• **WHAT TO WORK ON**:
Taking the line with "複雑な設定はなく、消去する対" as the first and the line with "Exploring the ancient" as the last, set down the lines below exactly, pictures excluded.

=== DATA TO EXAMINE ===

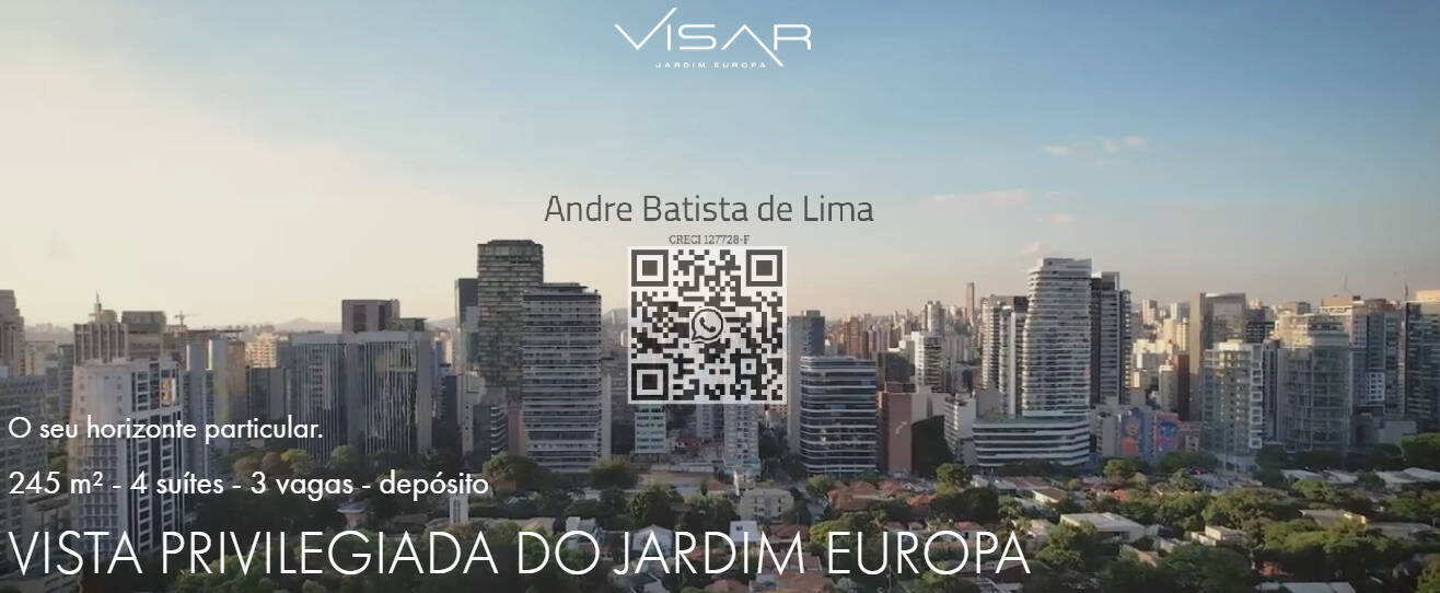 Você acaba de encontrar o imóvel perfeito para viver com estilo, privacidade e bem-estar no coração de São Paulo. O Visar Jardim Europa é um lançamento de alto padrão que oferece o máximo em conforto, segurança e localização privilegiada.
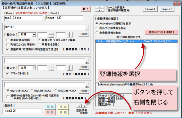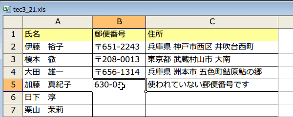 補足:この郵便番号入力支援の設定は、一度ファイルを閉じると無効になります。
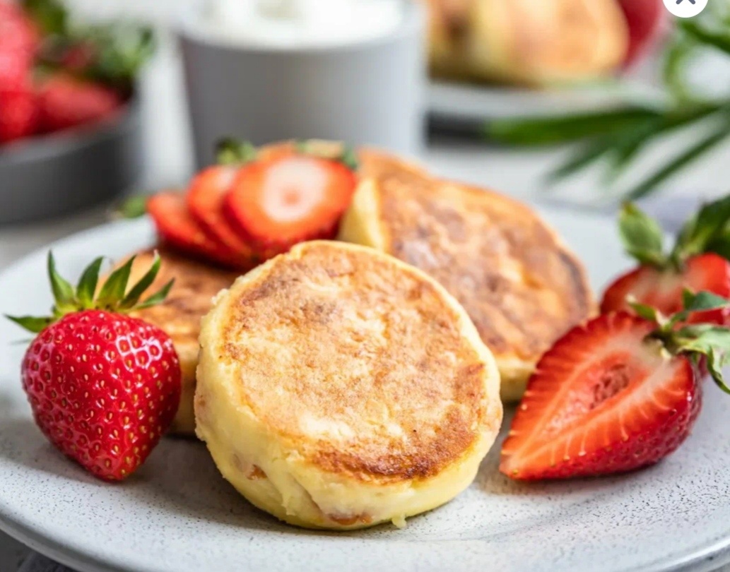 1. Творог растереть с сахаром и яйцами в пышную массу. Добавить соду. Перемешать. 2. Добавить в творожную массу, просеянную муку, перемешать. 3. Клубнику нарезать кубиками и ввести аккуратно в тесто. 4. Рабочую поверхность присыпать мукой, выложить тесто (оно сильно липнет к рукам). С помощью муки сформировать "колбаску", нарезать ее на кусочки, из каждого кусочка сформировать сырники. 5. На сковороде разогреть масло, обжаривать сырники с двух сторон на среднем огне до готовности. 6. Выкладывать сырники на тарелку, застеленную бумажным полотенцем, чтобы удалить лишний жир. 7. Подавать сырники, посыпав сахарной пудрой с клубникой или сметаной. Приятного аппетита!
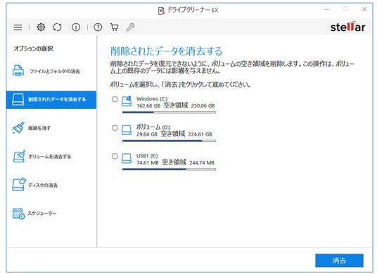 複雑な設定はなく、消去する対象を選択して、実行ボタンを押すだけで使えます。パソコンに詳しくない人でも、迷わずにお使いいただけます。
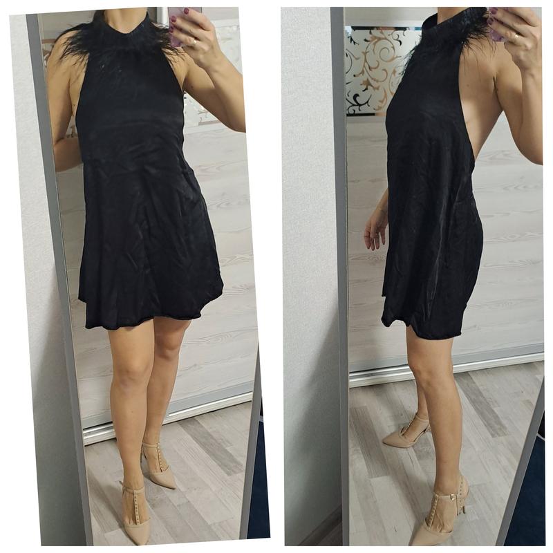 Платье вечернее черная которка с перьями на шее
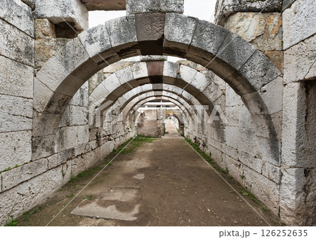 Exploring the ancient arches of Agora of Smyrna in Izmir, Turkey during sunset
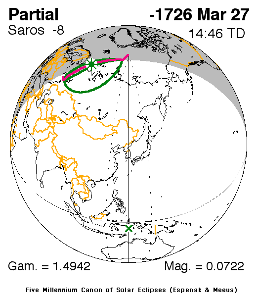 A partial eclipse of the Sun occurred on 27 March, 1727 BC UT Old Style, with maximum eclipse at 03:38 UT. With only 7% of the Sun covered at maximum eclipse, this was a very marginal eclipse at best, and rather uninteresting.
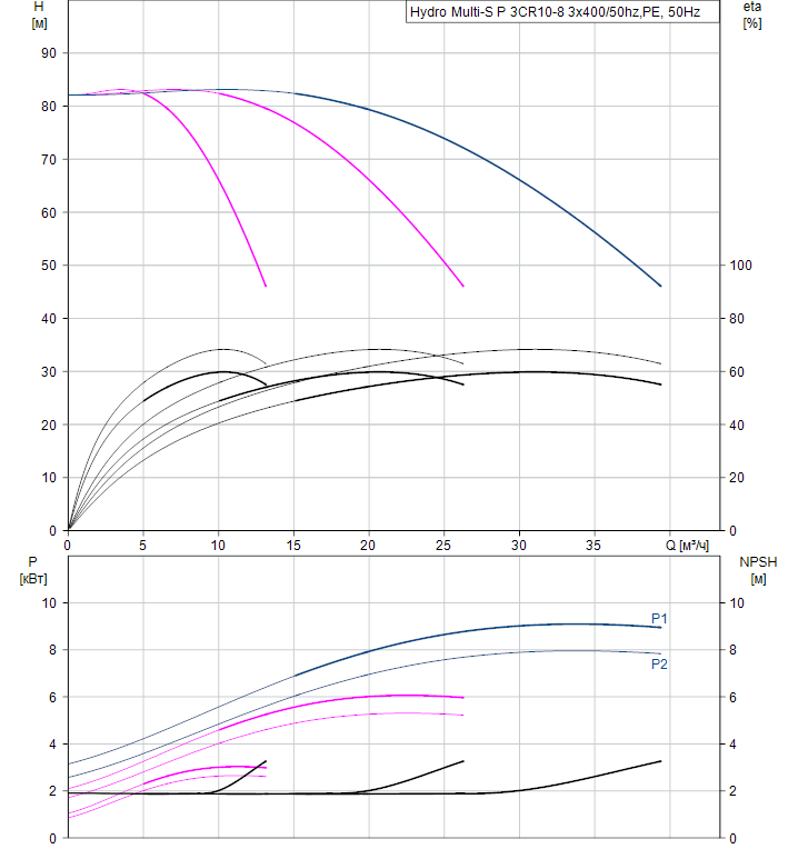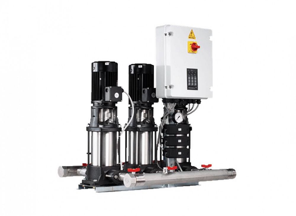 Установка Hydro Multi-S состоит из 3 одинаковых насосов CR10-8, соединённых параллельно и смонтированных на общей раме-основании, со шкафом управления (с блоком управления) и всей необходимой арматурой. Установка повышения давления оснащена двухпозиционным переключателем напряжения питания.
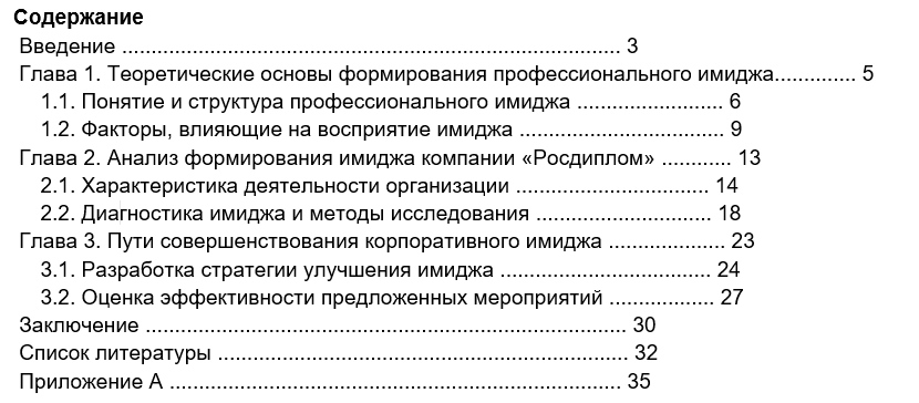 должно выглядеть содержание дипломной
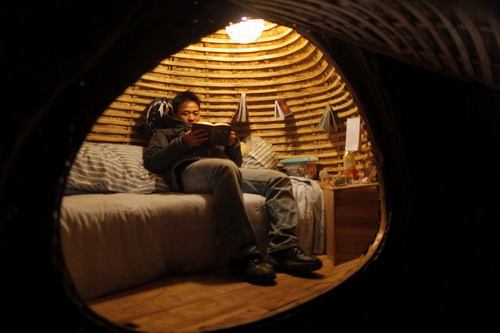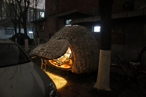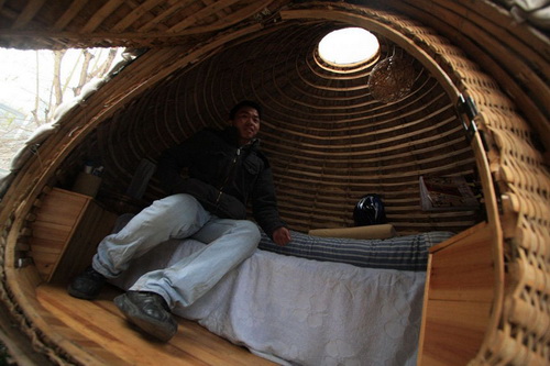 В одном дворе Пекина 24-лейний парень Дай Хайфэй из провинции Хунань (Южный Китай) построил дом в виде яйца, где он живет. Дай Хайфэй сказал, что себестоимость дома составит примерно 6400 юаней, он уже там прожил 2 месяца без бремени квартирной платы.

===
=== DATA TO EXAMINE ===

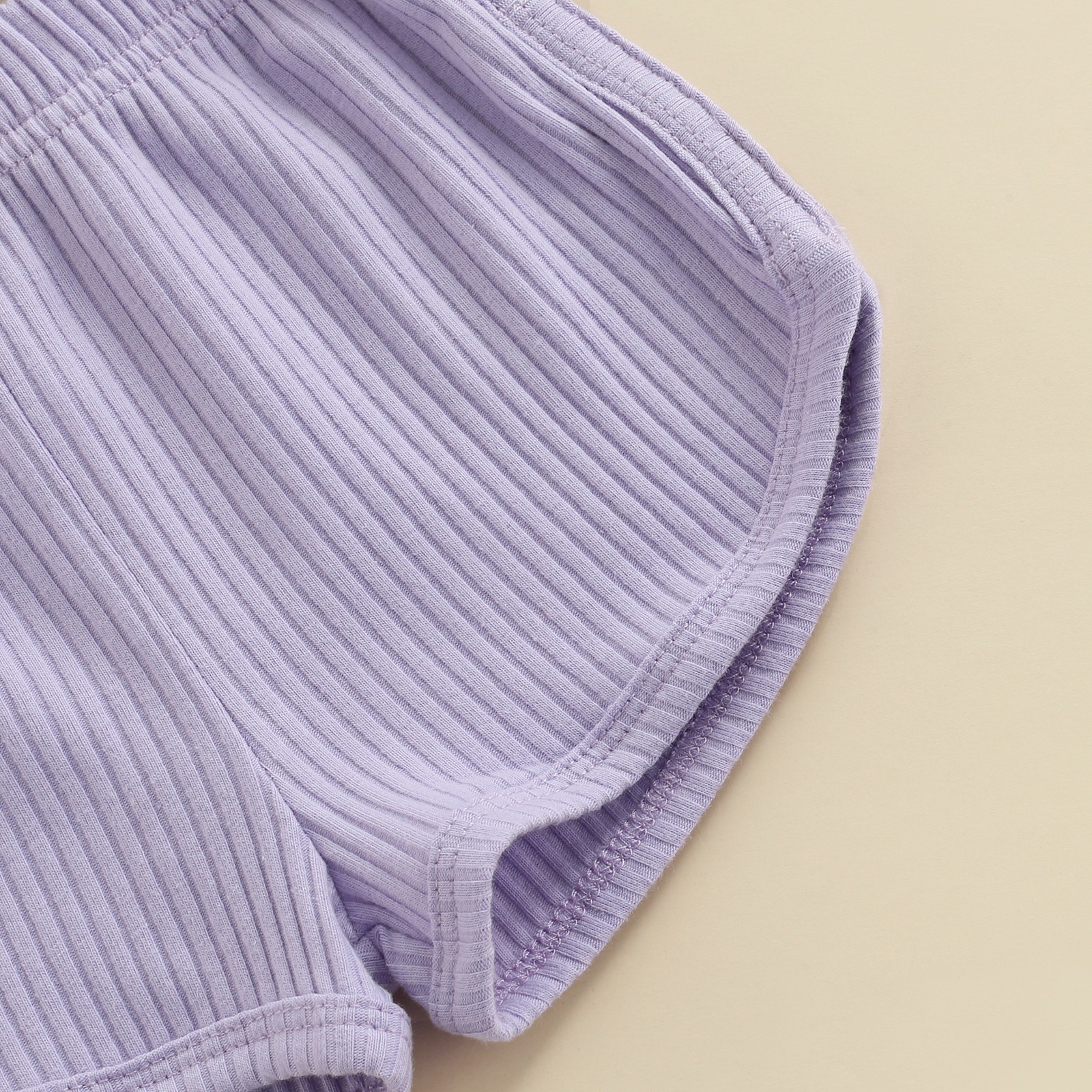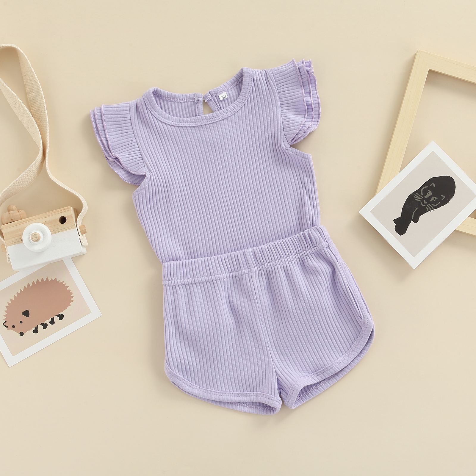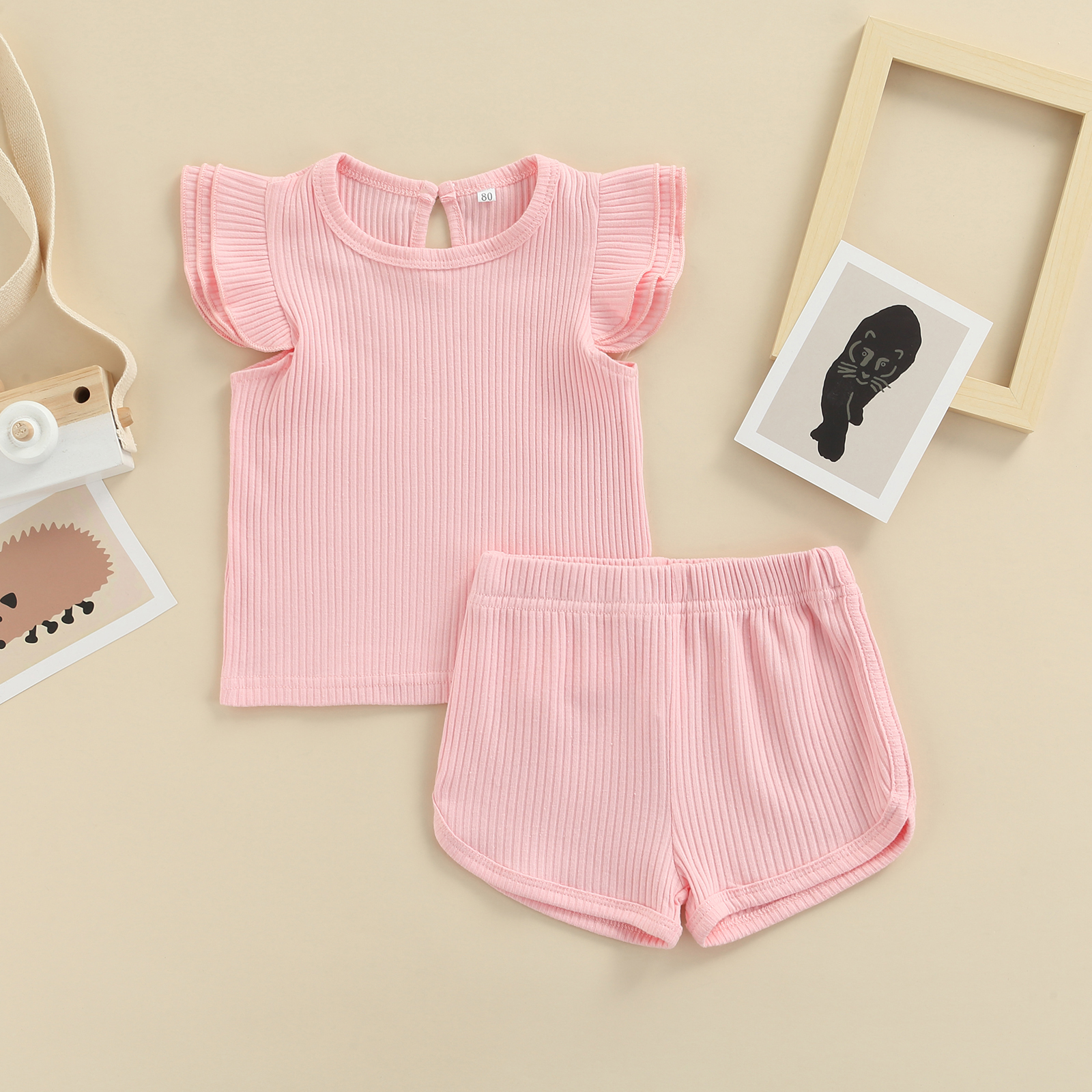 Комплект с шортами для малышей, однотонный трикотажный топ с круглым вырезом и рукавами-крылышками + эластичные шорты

===

• **EXPECTED ANSWER**:
 複雑な設定はなく、消去する対象を選択して、実行ボタンを押すだけで使えます。パソコンに詳しくない人でも、迷わずにお使いいただけます。
 Платье вечернее черная которка с перьями на шее
 Exploring the ancient arches of Agora of Smyrna in Izmir, Turkey during sunset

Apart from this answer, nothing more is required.